=== Brief ===
Each entry is to be retyped without alteration, and no picture is to be included.

=== Records shown ===
•••
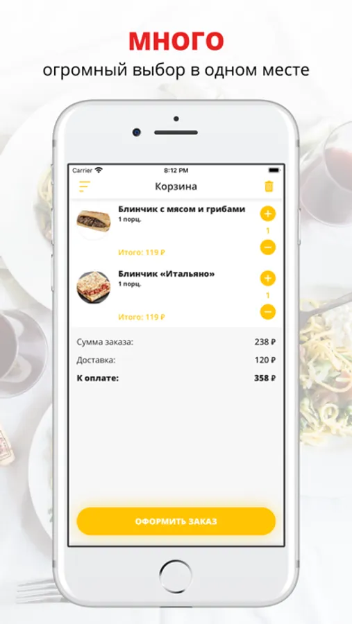 Скачивайте наше приложение, оформляйте заказ и наслаждайтесь любимой едой, где бы Вы ни были! Приятного аппетита!
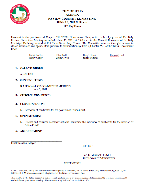 Agenda: Italy Review Committee Meeting, June 15, 2011 « previous story album next » Download original photo
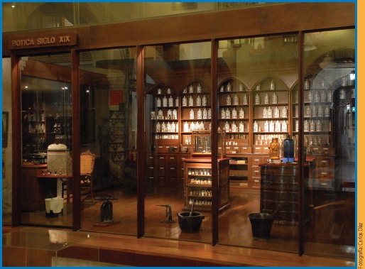 Esta botica fue adquirida por la Universidad Nacional Autónoma de México en 1978, y conserva su presentación original para ser exhibida en el Palacio de Medicina como un testimonio de la evolución de la medicina y farmacología en México; la fotografía es cortesía de Carlos Díaz.
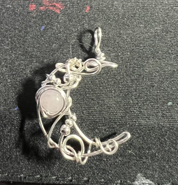 Crescent moon made with 20g wire and rose quartz stone. no chain
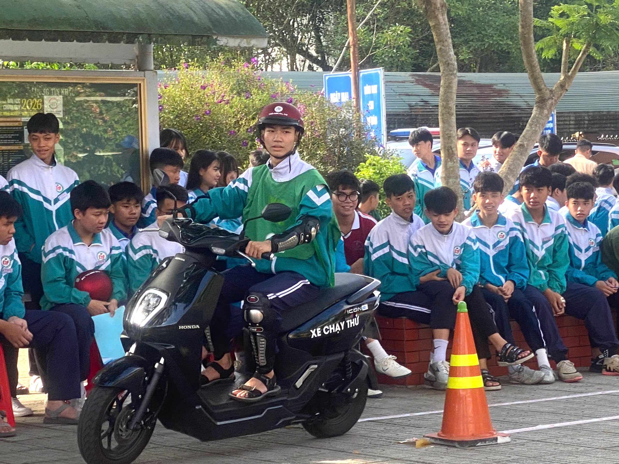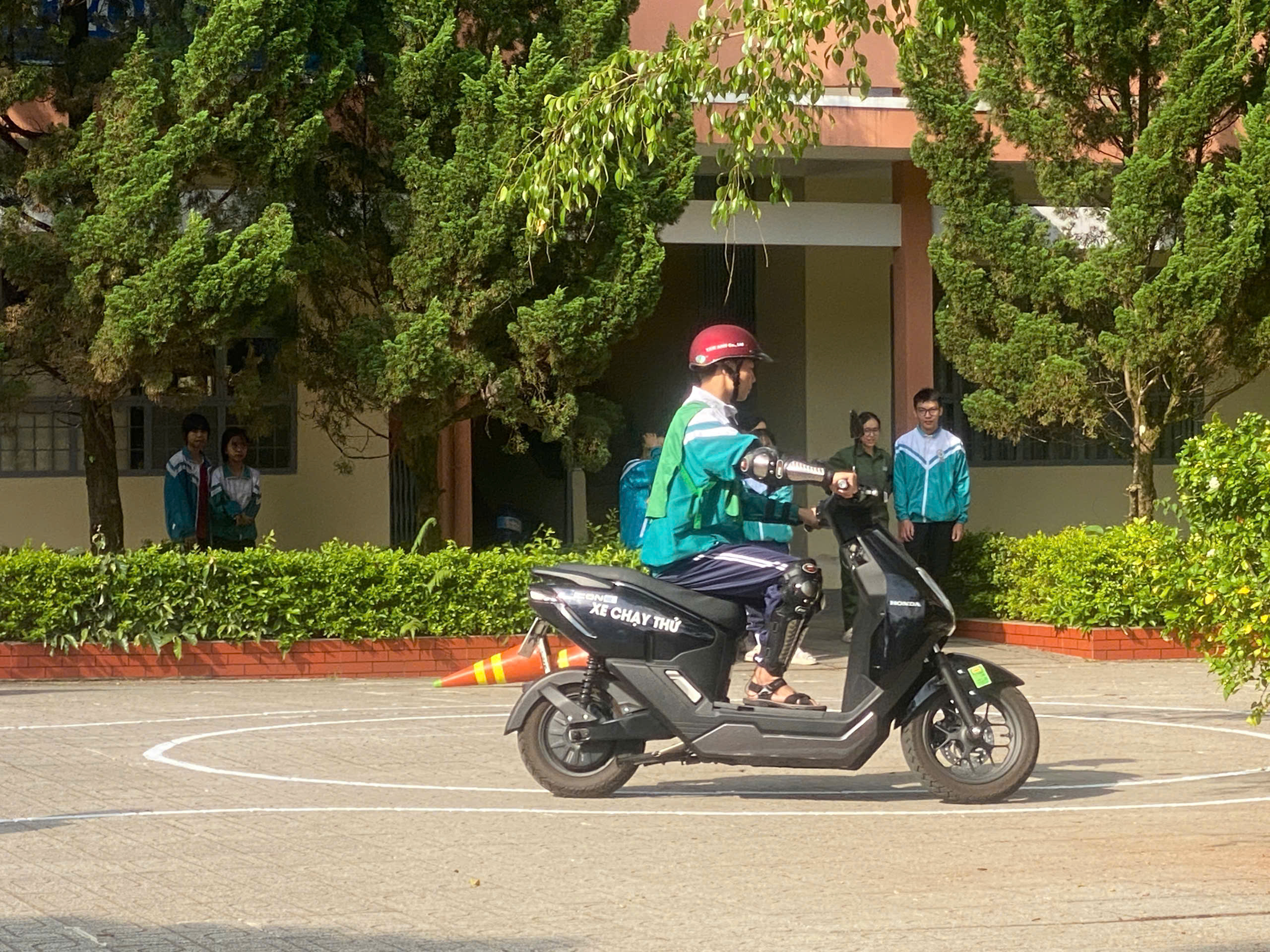 Đặc biệt, phần hướng dẫn kỹ năng lái xe an toàn do đại diện doanh nghiệp thực hiện đã thu hút sự quan tâm lớn của học sinh. Nội dung tập huấn tập trung vào kỹ năng điều khiển xe an toàn, cách xử lý các tình huống bất ngờ khi tham gia giao thông, tư thế lái xe đúng và các nguyên tắc đảm bảo an toàn khi sử dụng xe gắn máy, xe máy điện. Những kiến thức này không chỉ mang tính lý thuyết mà còn gắn với thực tiễn, giúp học sinh dễ dàng áp dụng trong cuộc sống hàng ngày.
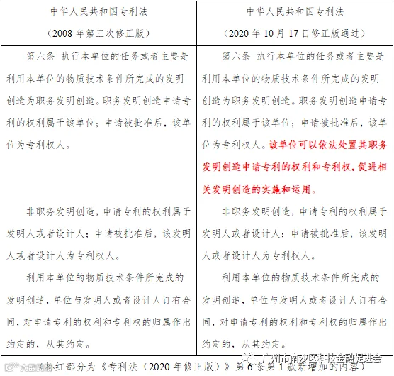可以发现,最新修订的《专利法》关于职务发明的认定基本上沿用了现行《专利法》的内容,仅第六条第1款后半段增加了“该单位可以依法处置其职务发明创造申请专利的权利和专利权,促进相关发明创造的实施和运用”这一促进科技成果转化的内容。
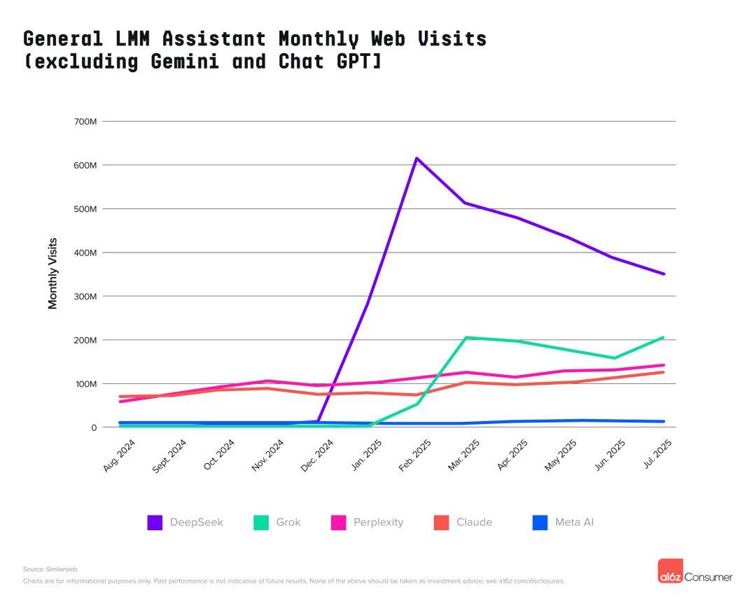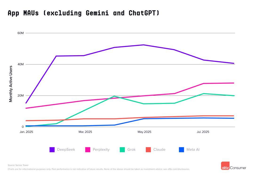 Perplexity和Claude仍正在持续增加。这一跃升凸显了AI驱动的使用生成正在更普遍层面上的兴起。次要关心下一代AI使用,
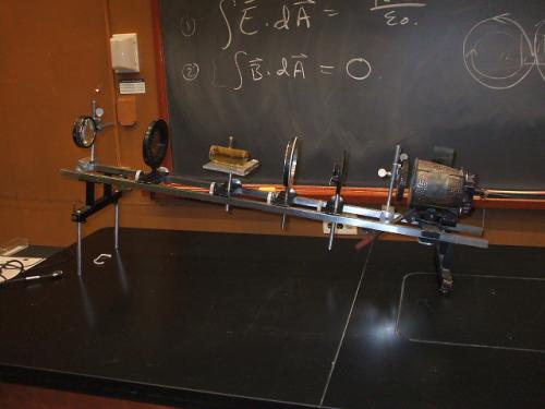 Optical rotation of polarized light by sugar solution, using arc lamp.
•••
=== Exercise result ===
 Скачивайте наше приложение, оформляйте заказ и наслаждайтесь любимой едой, где бы Вы ни были! Приятного аппетита!
 Agenda: Italy Review Committee Meeting, June 15, 2011 « previous story album next » Download original photo
 Esta botica fue adquirida por la Universidad Nacional Autónoma de México en 1978, y conserva su presentación original para ser exhibida en el Palacio de Medicina como un testimonio de la evolución de la medicina y farmacología en México; la fotografía es cortesía de Carlos Díaz.
 Crescent moon made with 20g wire and rose quartz stone. no chain
 Đặc biệt, phần hướng dẫn kỹ năng lái xe an toàn do đại diện doanh nghiệp thực hiện đã thu hút sự quan tâm lớn của học sinh. Nội dung tập huấn tập trung vào kỹ năng điều khiển xe an toàn, cách xử lý các tình huống bất ngờ khi tham gia giao thông, tư thế lái xe đúng và các nguyên tắc đảm bảo an toàn khi sử dụng xe gắn máy, xe máy điện. Những kiến thức này không chỉ mang tính lý thuyết mà còn gắn với thực tiễn, giúp học sinh dễ dàng áp dụng trong cuộc sống hàng ngày.
可以发现,最新修订的《专利法》关于职务发明的认定基本上沿用了现行《专利法》的内容,仅第六条第1款后半段增加了“该单位可以依法处置其职务发明创造申请专利的权利和专利权,促进相关发明创造的实施和运用”这一促进科技成果转化的内容。
 Perplexity和Claude仍正在持续增加。这一跃升凸显了AI驱动的使用生成正在更普遍层面上的兴起。次要关心下一代AI使用,
 Optical rotation of polarized light by sugar solution, using arc lamp.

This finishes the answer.